> **Exercise brief**
Word for word, retype the lines from the one containing "9 Pcs Wooden" to the one containing "猫人冰丝睡衣男款夏季真丝短袖" below, keeping both end lines and dropping the pictures.

> **Available data**
Segment Open

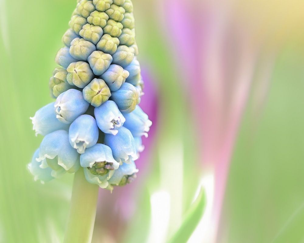 In this dreamy spring photo, a blue grape is in full view, surrounded by a haze of soft colours and light. The background is almost abstract, with hints of purple, yellow and fresh green - like a watercolour on the border of reality and imagination.
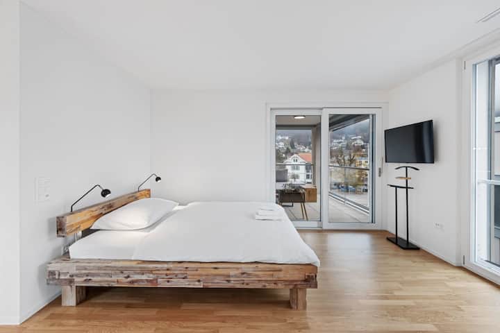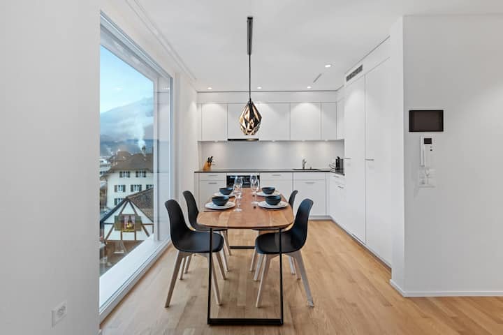 Experience the charm of modern living at The R Apartments Engelberg, a stylish, private studio perfect for tourists and business travelers alike. Nestled in the idyllic Solothurn region, this cozy space is ideal for mid-term stays. Just a 5-minute walk from the nearest public transport station, explore local attractions with ease. Enjoy the convenience of free parking. A serene retreat for two awaits your discovery!
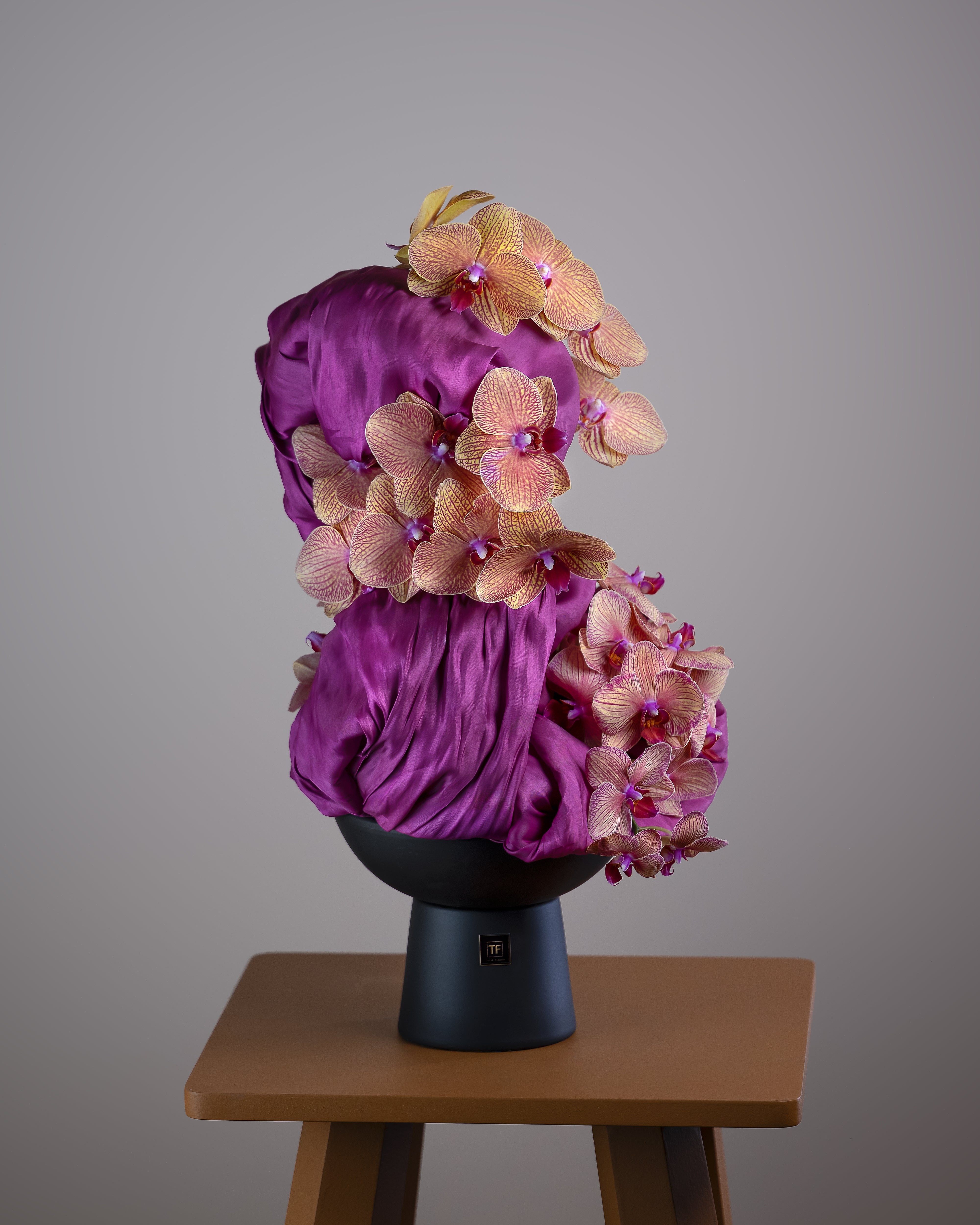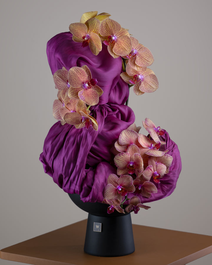 Crimson Poise exemplifies the pinnacle of floral artistry, combining textile-inspired sculptural design with the elegance of fashion and contemporary art. This exquisite arrangement transforms luxurious blooms into a harmonious composition, offering a sophisticated statement that enhances any refined setting.
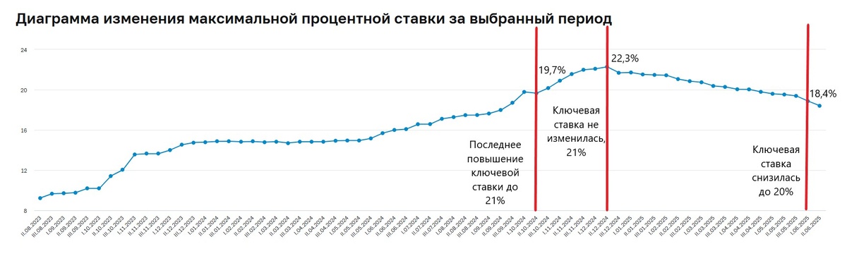 Как вы знаете, в начале июня Банк России впервые за несколько лет снизил ключевую ставку с 21 до 20% годовых, то есть, на 1 процентный пункт. С момента ее последнего повышения прошло около 8 месяцев (повышена она была в конце октября).
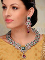| Aagam Necklace Set with Earrings in silver victorian finish studded with ruby and green jade stones |
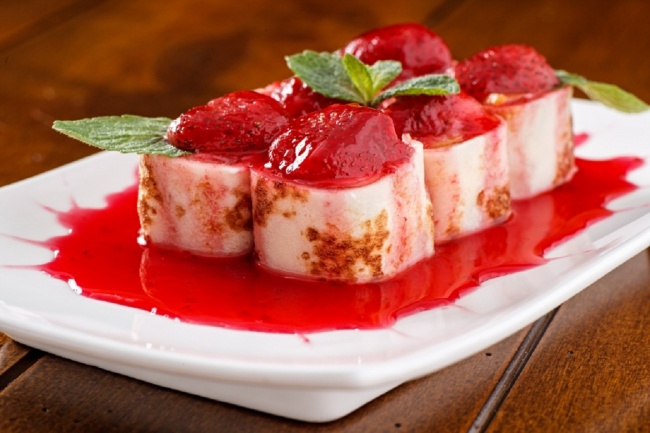 Звертаємо лаваш з начинкою в акуратну ковбаску, даємо трохи просочитися. Ріжемо на шматочки. Прикрашаємо за бажанням збитими вершками, ягодами і сиропом. Подаємо з кавою.
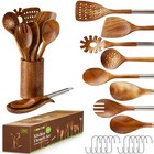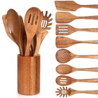 9 Pcs Wooden Spoons for Cooking Utensils with Utensil Holder Teak Wood Kitche...
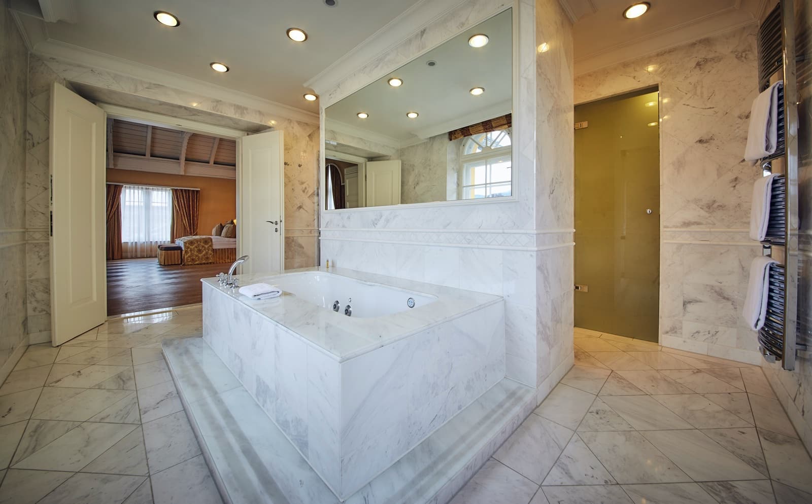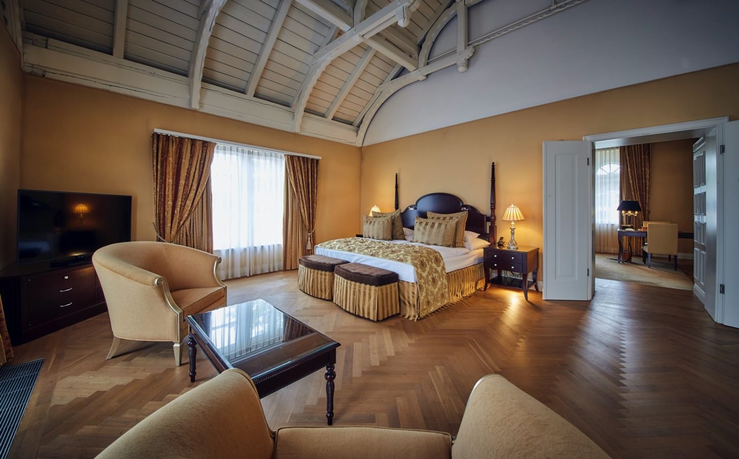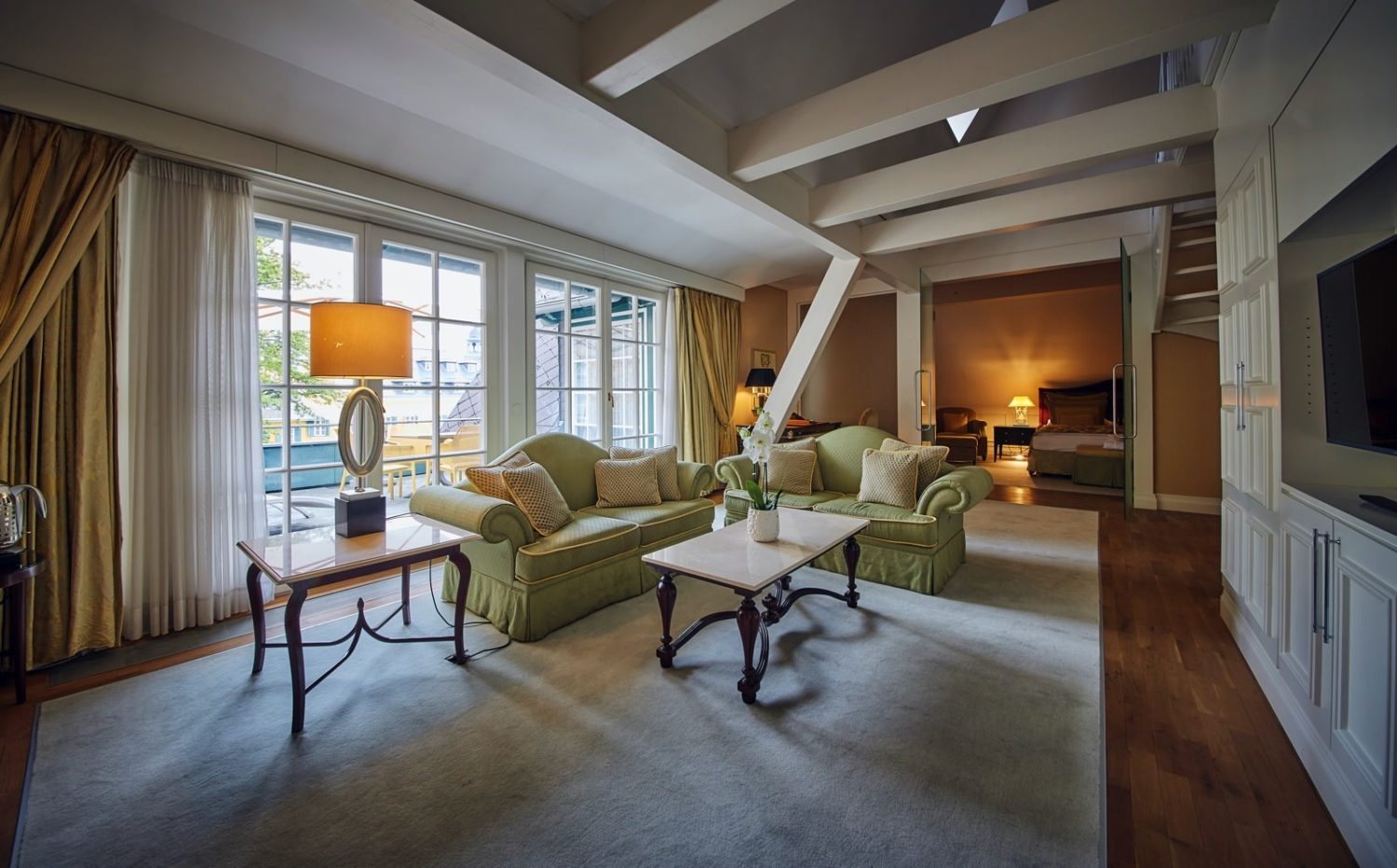 Superbehaglich eingerichtete Suite mit hohen Decken, die nostalgische Grandezza mit modernstem Luxus vereint. Mit privater Sauna und Whirlpool und schöner Dachterrasse.
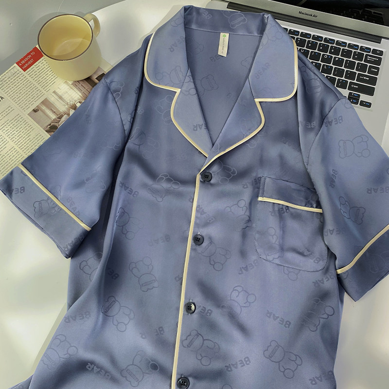 猫人冰丝睡衣男款夏季真丝短袖
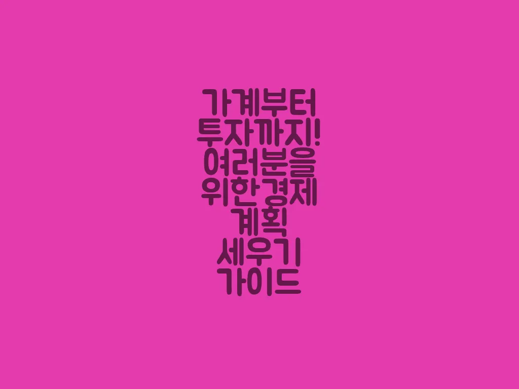 이 가이드는 여러분이 경제적인 안정과 재무적인 목표를 달성하기 위한 출발점이 될 것입니다. 가계부 작성, 재무 상태 분석, 경제적 목표 설정, 그리고 효과적인 투자 전략에 대한 이해를 바탕으로 여러분의 경제 생활을 관리해 보세요. 안정적인 재무 상태를 유지하고 원하는 경제적인 목표를 달성하기 위해 계속해서 자신의 경제 계획을 평가하고 개선해 나가는 것이 중요합니다.
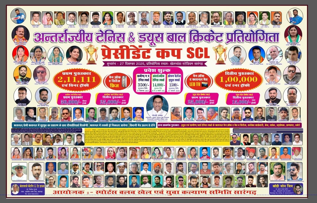 सारंगढ़ प्रेसिडेंट कप SCL में आप सभी का सम्मान अभिवादन है। दिनांक 27 दिसंबर 12:00 बजे शुभारंभ में आप पधार कर खेल खिलाड़ी और खेल भावना को आगे बढ़ते हुए खिलाड़ियों का उत्साहवर्धन करें। सारंगढ़ स्पोर्ट्स क्लब खेल एवं युवा कल्याण समिति के द्वारा निरंतर 21 वर्षों से आयोजित होती आ रही अंतर राज्य स्तरीय टेनिस और न्यूज़ क्रिकेट स्पर्धा जो पूरे जिले की एकमात्र भाव और अत्यधिक राशि की इस स्पर्धा के साथ सारंगढ़ की पहचान बन चुकी है क्रिकेट के खूमार के साथ उक्त आयोजन में आप सभी प्रत्यक्ष एवं अप्रत्यक्ष सहयोगियों का मार्गदर्शन और सहयोग सारंगढ़ के खेल आयोजन के लिए नित्यंत आवश्यक है आदरणीय बहुत ही मुश्किलों से और एक लंबे समय में तैयारी के बाद इस तरह का आयोजन संभव हो पता है और साथ ही इस आयोजन के माध्यम से सारंगढ़ के युवा पीढ़ी का खेल के क्षेत्र में भविष्य भी जुड़ा हुआ है। अतः आपकी उपस्थिति और मार्गदर्शन ही इस आयोजन की निरंतर सफलता का प्रमुख कारण है।
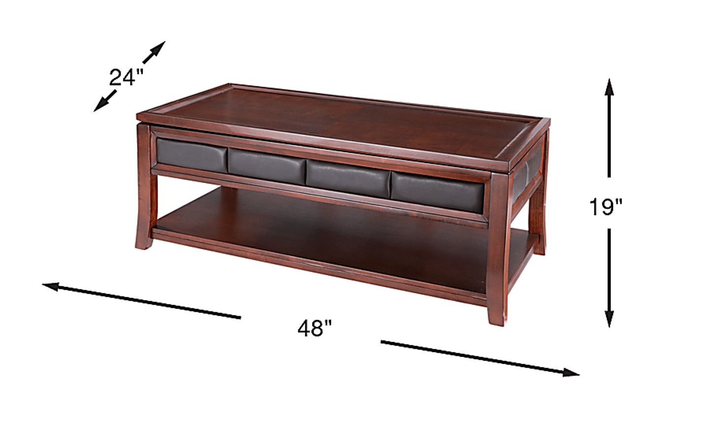 Perfect for today's busy family room, the Benton Square cocktail table is very versatile. It features a lift top that rises to reveal roomy storage with dividers to help organize small items like remotes, game controllers, magazines and more. Made of poplar solids and birch veneers with a merlot finish, the table is accented with chocolate colored Bicast leather. Customer assembly required
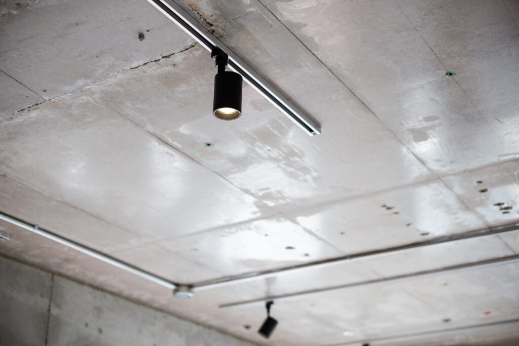 天井には、ライティングレールを用いた間接照明を配置。
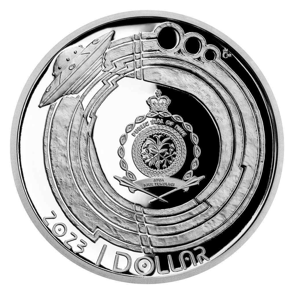 Reverzní stranu mince věnoval medailér Asamat Baltaev, DiS., věrnému portrétu československého kosmonauta ve skafandru. V pozadí se vyjímá kosmická loď Sojuz 28 připravená ke startu, jejíž trup lemuje jméno VLADIMÍR REMEK. Kompozici dotvářejí ještě stylizované vesmírné objekty – hvězdy a planety. Averzní strana mince vtipně předkládá kruhy v obilí a létající talíř, který osvětluje státní znak ostrova Niue. Ten je spolu s letopočtem emise 2023 a nominální hodnotou 1 DOLLAR (NZD) nezbytným atributem zahraničního emitenta mince – tichomořského ostrova, který České mincovně poskytuje licenci k ražbě vlastních pamětních mincí.
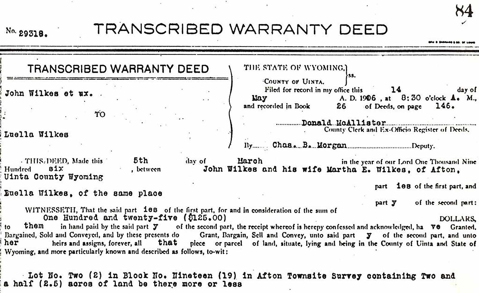 Note the date of the deed - 9th day of September A.D. 1893. It was registered and filed on the 5th day of February 1894, at 5:11 o'clock P.M. Somebody with some influence was in the right place at the right time. Attempting to find the reason, could it have been that the Judge of the Court was aware that John Wilkes, with two brothers-in-law, actually, were the first to settle where the town-site later came into being and spent the winter of 1879-80 in a cabin but, by the time the family returned a few years later, it had been concluded that was where the town of Afton was to be. Is it possible that it was a prearranged trade that was finalized in 1893? Quite possible and the more we ponder, the more likely such could have been.

Segment Closed

> **Answer section**
 9 Pcs Wooden Spoons for Cooking Utensils with Utensil Holder Teak Wood Kitche...
 Superbehaglich eingerichtete Suite mit hohen Decken, die nostalgische Grandezza mit modernstem Luxus vereint. Mit privater Sauna und Whirlpool und schöner Dachterrasse.
 猫人冰丝睡衣男款夏季真丝短袖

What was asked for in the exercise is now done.